Adopt: There are parts of life CALD migrants quickly adopt upon arriving in Australia. These reflect the ‘Australian dream,’ and give them social currency to be part of the conversation – such as fashion, sport, travel. These areas of life create opportunities for immediate brand engagement. This is about inviting them in and being the shop window that showcases the benefits of being part of Australian culture.
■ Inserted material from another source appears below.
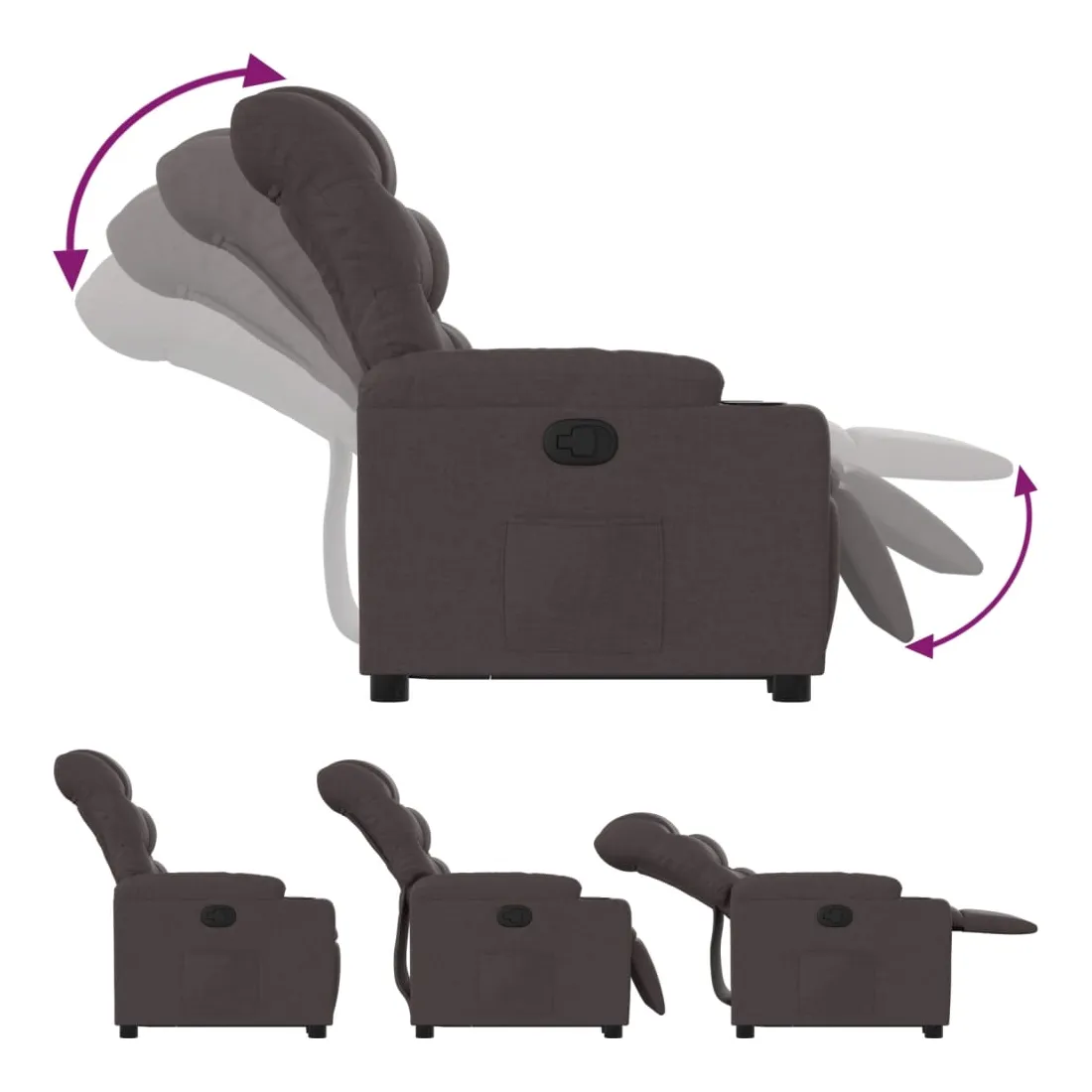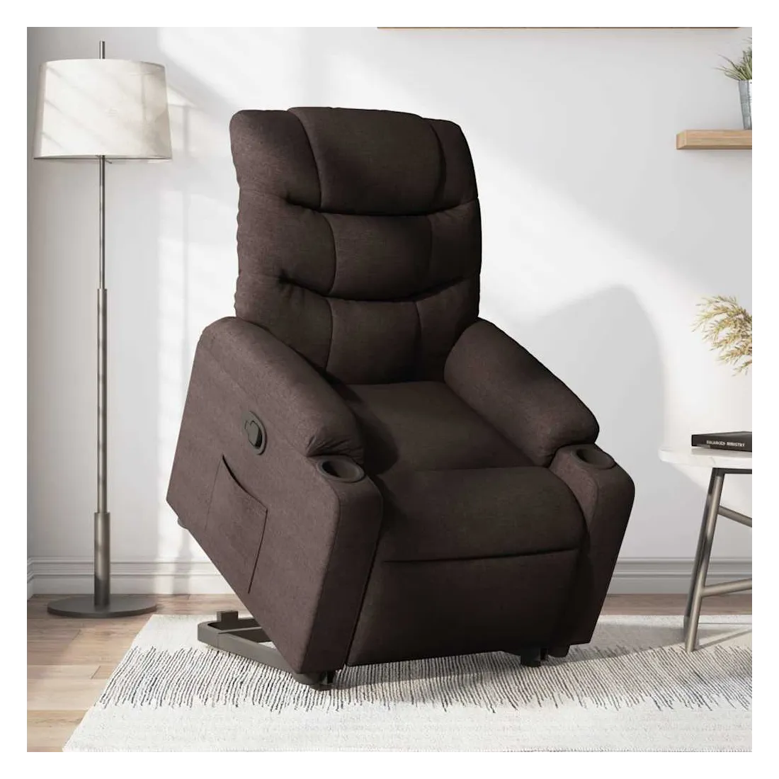 Asseyez-vous et détendez-vous dans ce fauteuil inclinable très confortable ! Fonction de levage électrique : ce fauteuil inclinable pour personnes âgées est équipé d'un moteur électrique pour la fonction de levage. Grâce à la fonction qui pousse toute la chaise vers le haut, vous pouvez facilement vous tenir debout sans stresser votre dos et vos genoux en appuyant simplement sur le bouton.Fonction d'inclinaison manuelle : ce fauteuil inclinable est doté d'une poignée du côté droit. Vous pouvez régler manuellement le repose-pieds et le dossier dans n'importe quelle position selon votre confort en tirant simplement sur la poignée. Cette fonction permet une inclinaison maximale de 135 degrés. De plus, le dossier peut revenir rapidement à sa position d'origine en tirant simplement sur la poignée.Expérience d'assise confortable : le siège, le dossier et les larges accoudoirs bien rembourrés recouverts de tissu procurent une sensation confortable et chaleureuse, vous permettant de vous sentir enveloppé lorsque vous êtes assis. Le tissu présente un aspect simple et épuré et est respirant et durable.Poche latérale pratique : ce fauteuil est doté d'une poche latérale pour vous permettre de garder vos objets essentiels à portée de main.Cadre solide et stable : le cadre en bois et en métal offre une structure solide et une grande stabilité. Ce fauteuil inclinable est confortable et durable.
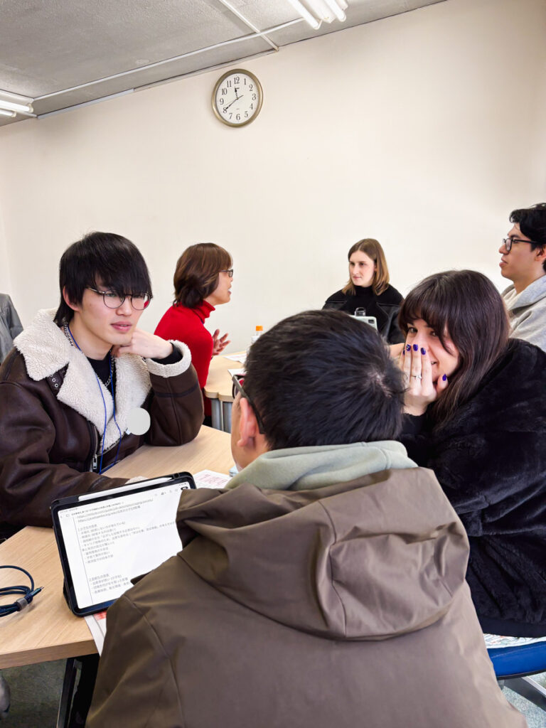 1月26日(月)に日本事情Bクラスでフリートークをおこないました。このクラスは現代の日本が抱える社会的な課題について学んだり議論したりするクラスですので、今回も「少子高齢化の現状、対策」という固い固いテーマでゲストの方々と話しました。後半は本当に「フリー」なテーマでおしゃべりを楽しみました。

Even if your brand isn't directly linked to certain aspects of Australian life, find ways to connect and be the dream they came to Australia to fulfil.

Connecting meaningfully

It is not good enough that only a fraction of CALD individuals find brands personally relevant or reflective of themselves. To bridge this gap, we must take action.

By respecting migrant heritage, embracing their stories, and breaking down barriers, we can connect meaningfully with CALD communities throughout their journey of finding equilibrium in Australia, and create branded experiences where our CALD community feels seen, recognised, and appreciated.

Using the practical strategies above as a starting point, brands need to ensure their marketing strategies reflect the reality of contemporary Australia and celebrate every individual's unique story, language, and background.